- Born: 1985 or 1986 (age 38–39) Moscow, USSR
- Education: Canada's National Ballet School
- Occupation: ballet dancer
- Years active: 2004–present
- Career
- Current group: Miami City Ballet
- Former groups: National Ballet of Canada

= Elena Lobsanova =

Russian-Canadian ballet dancer

Elena Lobsanova (born ) is a Russian-Canadian ballet dancer. She joined the National Ballet of Canada in 2004 and was promoted to principal dancer in 2015. In 2020, she joined the Miami City Ballet.

==Early life and training==
Lobsanova was born in Moscow. Her father was a microbiologist. As a child, she and her family moved to Toronto. She did not dance in Russia, and started her ballet training in 1996, when she was nine, at the outreach program of Canada's National Ballet School. In fifth grade, she started attending the school full-time, where she studied both ballet and academics. In 1997 and 1998, she danced the role of Marie in James Kudelka's The Nutcracker with the National Ballet of Canada. At the school's spring showcase in 2004, Lobsanova was chosen to dance Odette in the second act of Swan Lake. In preparation for the performance, she was coached by Karen Kain, then the artistic associate and former principal dancer of the National Ballet.

==Career==
In 2004, when Lobsanova was seventeen, she was offered an apprenticeship with the National Ballet of Canada, after she completed both professional ballet training and high school. Although Mavis Staines, the artistic director of the school, wanted her to train for another year, Lobsanova accepted the contract. The following year, she injured her second metatarsal bone. She was later promoted to second soloist. In 2009, Lobsanova and Noah Long were chosen to represent the company at the Erik Bruhn Prize.

In 2011, Lobsanova was promoted to first soloist. She was then chosen by Alexei Ratmansky to dance the world premiere of his version of Romeo and Juliet as Juliet. Later that year, she made her debut as the Sugar Plum Fairy in The Nutcracker, making her the first person to have danced both Marie as a child and the Sugar Plum Fairy as an adult, breaking what was referred as the "curse of Marie" in the company, which stated that no one who portrayed Marie as a child ever danced the Sugar Plum Fairy.

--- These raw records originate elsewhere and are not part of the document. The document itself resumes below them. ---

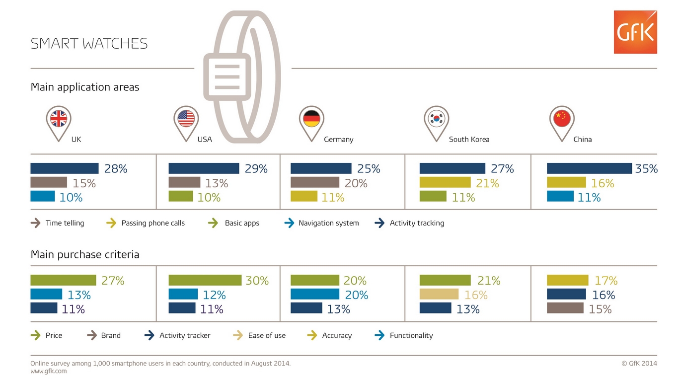 Ve všech zkoumaných zemích kromě Číny je cena chytrých hodinek při nákupu nejdůležitějším kritériem. Využití různých funkcí se ve většině zemí uvádí na druhém místě a možnost monitorovat a zobrazovat údaje o aktivitě a zdravotním stavu na místě třetím. Naopak čínští spotřebitelé přikládají největší význam přesnosti chytrých hodinek, po níž následuje zaznamenávání aktivity a značka. Zjištění tohoto výzkumu jasně prokazují, že největší zájem o značkové produkty je v Číně.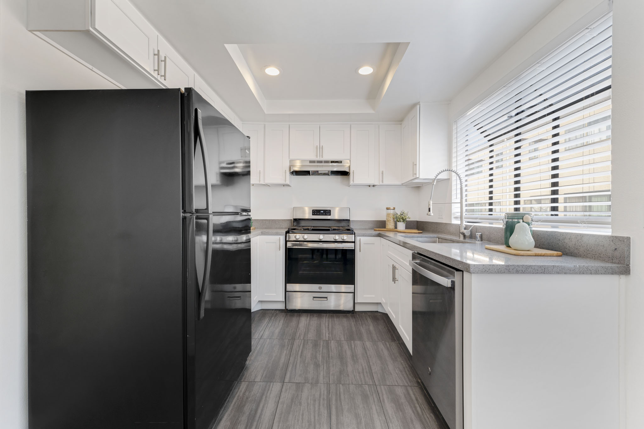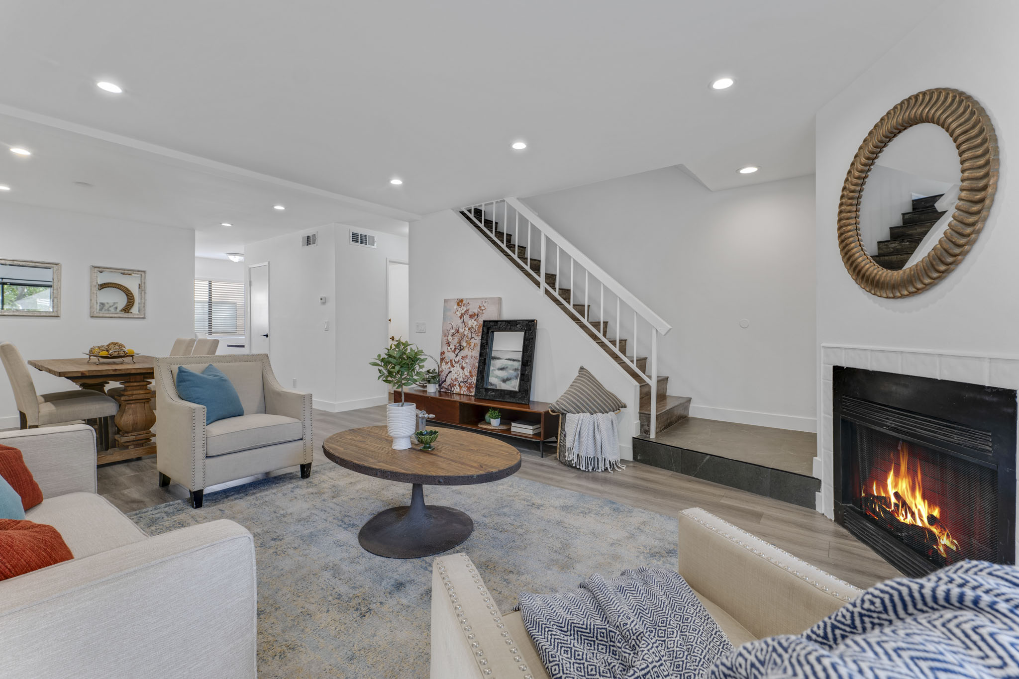 SOLD FOR THE HIGHEST PRICE EVER IN THIS COMPLEX. Totally redone tri-level townhome in a prime North Hills 18-unit, gated complex. Charming 2 bedrooms and 3 baths with a comfortable 1,134 interior square feet. Recently upgraded with beautiful finishes! Newer white shaker cabinetry with quartz counter tops, stainless steel appliances, a large pantry, and a convenient breakfast nook. Newer interior paint throughout, newer HVAC package unit, newer laminate floors, newer recess lights, newer water heater, and much more. HUGE, light and bright living room with fireplace, formal dining room, and a patio with a pool view ideal for entertaining. Third level has both bedrooms that are on suites with bath. The larger primary suite has high ceilings, recess lights, a balcony, and multiple closets. Primary bath has a newer vanity with mirror light that leads to the custom tile shower. Second on suite bedroom has a newer closet door with an updated bath. You have direct access to the two car tandem garage with side by side washer/dryer hook ups and plenty of space for storage. Inside the complex is a community pool for the hot summer, and a jacuzzi/spa for the cold winter. Great location close to all shopping, restaurants, 405 fwy and much more.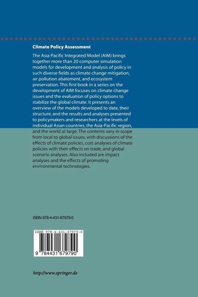 The Asia-Pacific Integrated Model (AIM) brings together more than 20 computer simulation models for development and analysis of policy in such diverse fields as climate change mitigation, air pollution abatement, and ecosystem preservation. This first book in a series on the development of AIM focuses on climate change issues and the evaluation of policy options to stabilize the global climate. It presents an overview of the models developed to date, their structure, and the results and analyses presented to policymakers and researchers at the levels of individual Asian countries, the Asia-Pacific region, and the world at large. The contents vary in scope from local to global issues, with discussions of the effects of climate policies, cost analyses of climate policies with their effects on trade, and global scenario analyses. Also included are impact analyses and the effects of promoting environmental technologies.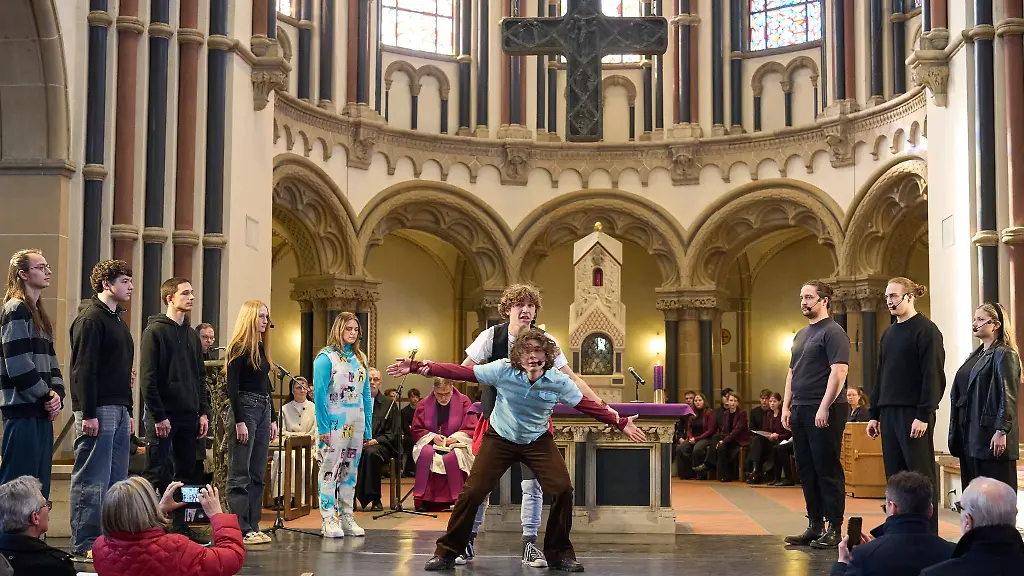Eingebettet war das Programm in einen Gottesdienst in der Herz-Jesu-Kirche. Neben einer biblischen Lesung und einer Predigt waren dort unter anderem Musikstücke oder Schauspielausschnitte zu sehen. Das Koblenzer Jugendtheater spielte etwa eine Szene aus dem Musical "Be More Chill".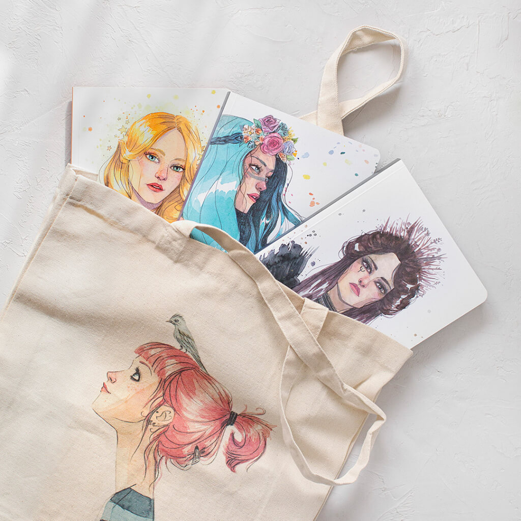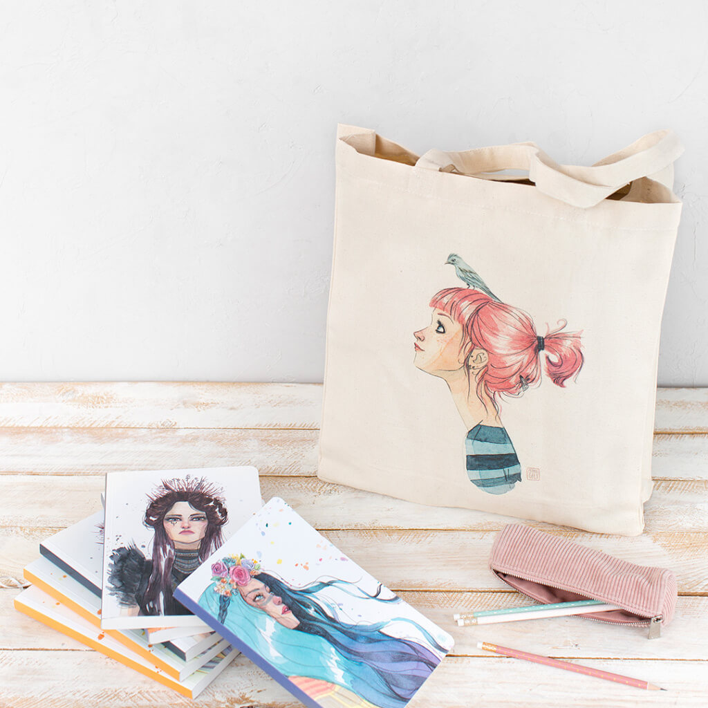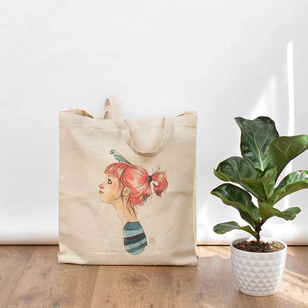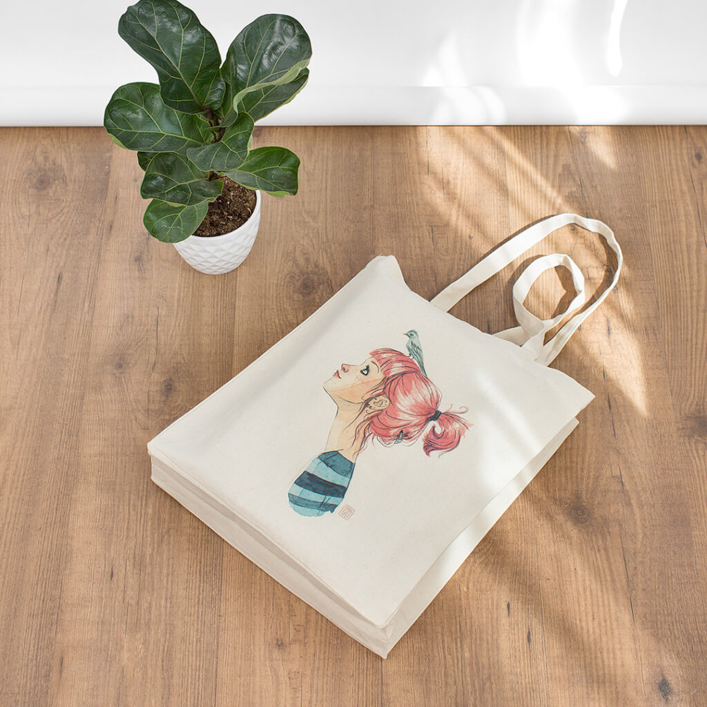 Bolso tipo tote con la mítica ilustración de la ilustradora madrileña Esther Gili "Pájaros en la Cabeza" impresa a todo color.

In 2015, she was named principal dancer. Other roles in her repertoire include Princess Aurora in The Sleeping Beauty, the Sylph in Bournonville's La Sylphide, the title role in Giselle, Alice in Wheeldon's Alice's Adventures in Wonderland, Perdita in Wheeldon's The Winter's Tale, Kylián's Petite Mort and Ratmansky's Piano Concerto #1.

In 2020, Lobsanova left the National Ballet of Canada and joined the Miami City Ballet as principal dancer.